Running Applications

Table of Contents

Python

First, load your Python script onto your Aeolus user, and then ssh into it:

scp [localfile].py [username]@aeolus.wsu.edu:~
ssh [username]@aeolus.wsu.edu

Next, create a job submission script. At the bottom of it, load the necessary modules (gcc/7.3.0 is needed for this version of Python) and add a line to run your script.

Example job script:

# ...
# qsub stuff. See job submission docs.
# ...

module load gcc/7.3.0
module load python/3.7.1/gcc/7.3.0
python3 ~/[filename].py

Example [filename].py:

tacos = 12

for i in range(tacos):
    print('{} taco'.format(i))

Note: if you’re using Python 2.7, you’ll need to run your script with python2.7 explicitly.
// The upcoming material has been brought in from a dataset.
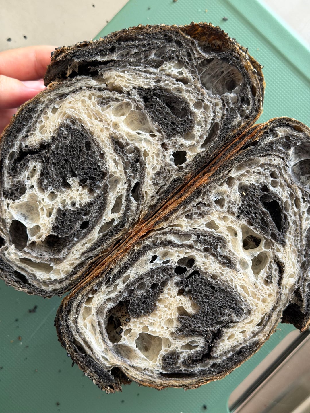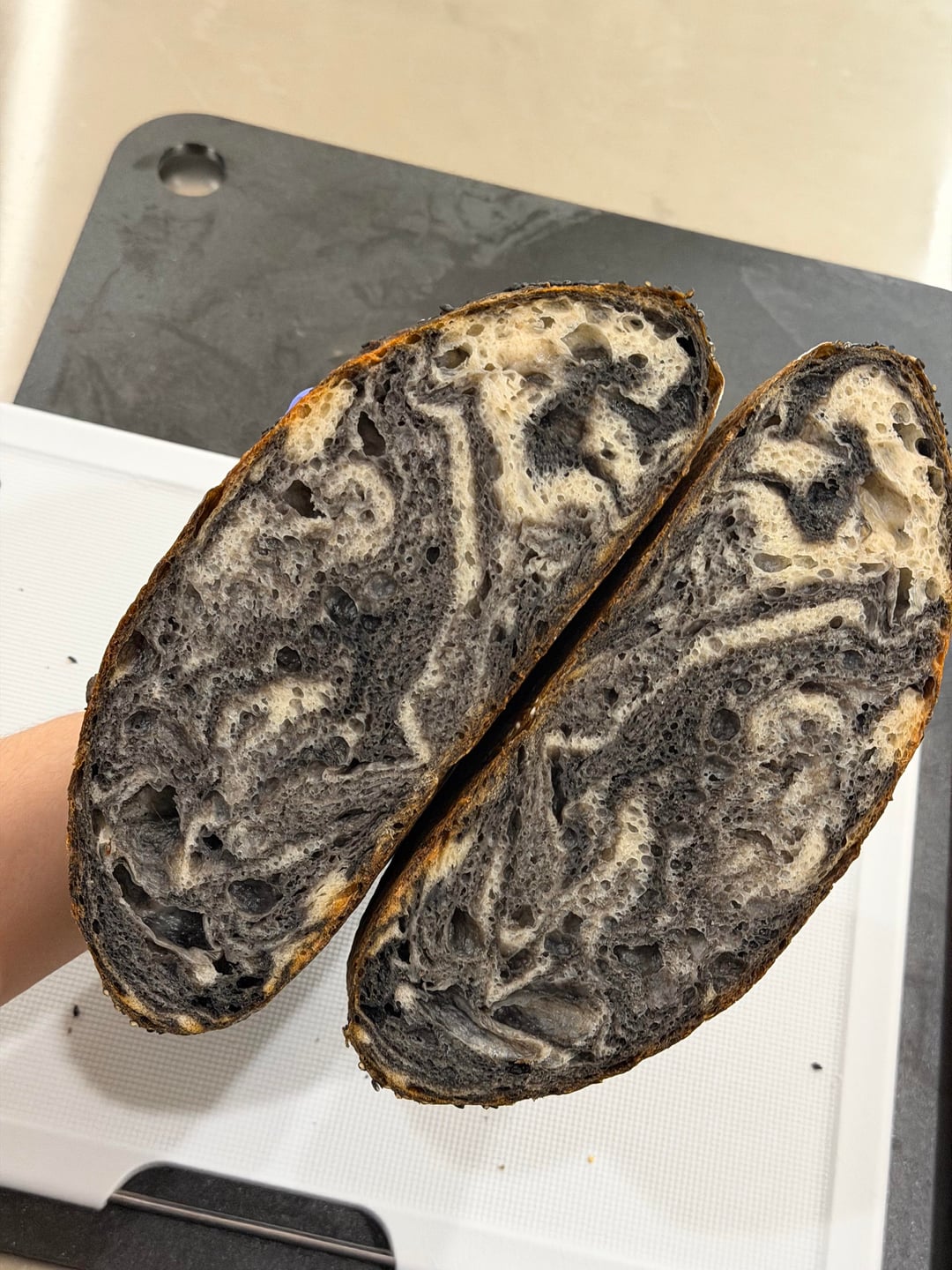Black Sesame Sourdough based on the recipe from Sourdough Brandon here https://sourdoughbrandon.com/black-sesame-sourdough-bread/. I made two minor adjustments:

If in doubt, check ls /share/el6.x86_64/opt/[module]/bin for the name of the binary, and then run which [binary name] to confirm that it points to that directory. For example, ls /share/el6.x86_64/opt/python/2.7.15/gcc/7.3.0/bin and then which python2.7.

Installing Python Modules

Python modules only need to be installed once. Following these instructions, the Python modules you install will live in your ~/.local/libs directory for use in future sessions.

Python modules can be installed with pip2.7 or pip3, depending on your target version. If in doubt, check ls /share/el6.x86_64/opt/[module]/bin for the name of the binary, and then run which [binary name] to confirm that it points to that directory.

Per General Rules of Using Aeolus, software should not be compiled on an ssh/login node. Since some Python modules compile during install, you’ll need to start an interactive session on a compute node to install your modules. Check your job script to make sure that you will be requesting enough resources and time for the necessary modules to compile.

Start an interactive session by adding the -I flag to your qsub call:

qsub -I [job script].sh

This will start an interactive session, which you can confirm by checking your shell signature: [user@compute-x-x-xx ~]$

Since you are in an interactive session, the modules you specified at the bottom of your job script will not have loaded, so you will need to load them now by running module load gcc/7.3.0; module load python/3.7.1/gcc/7.3.0 (or applicable Python version).

You can now install the modules on the compute node. Make sure to add the --user flag. This will make the modules install in your ~/.local/libs so you can use them in future sessions without re-installing.

pip3 install --user twisted

You can now exit the compute node and then run your Python job normally: qsub [jobscripts.sh], and modules imported within your script will get loaded from the modules you installed to the ~/.local/lib directory.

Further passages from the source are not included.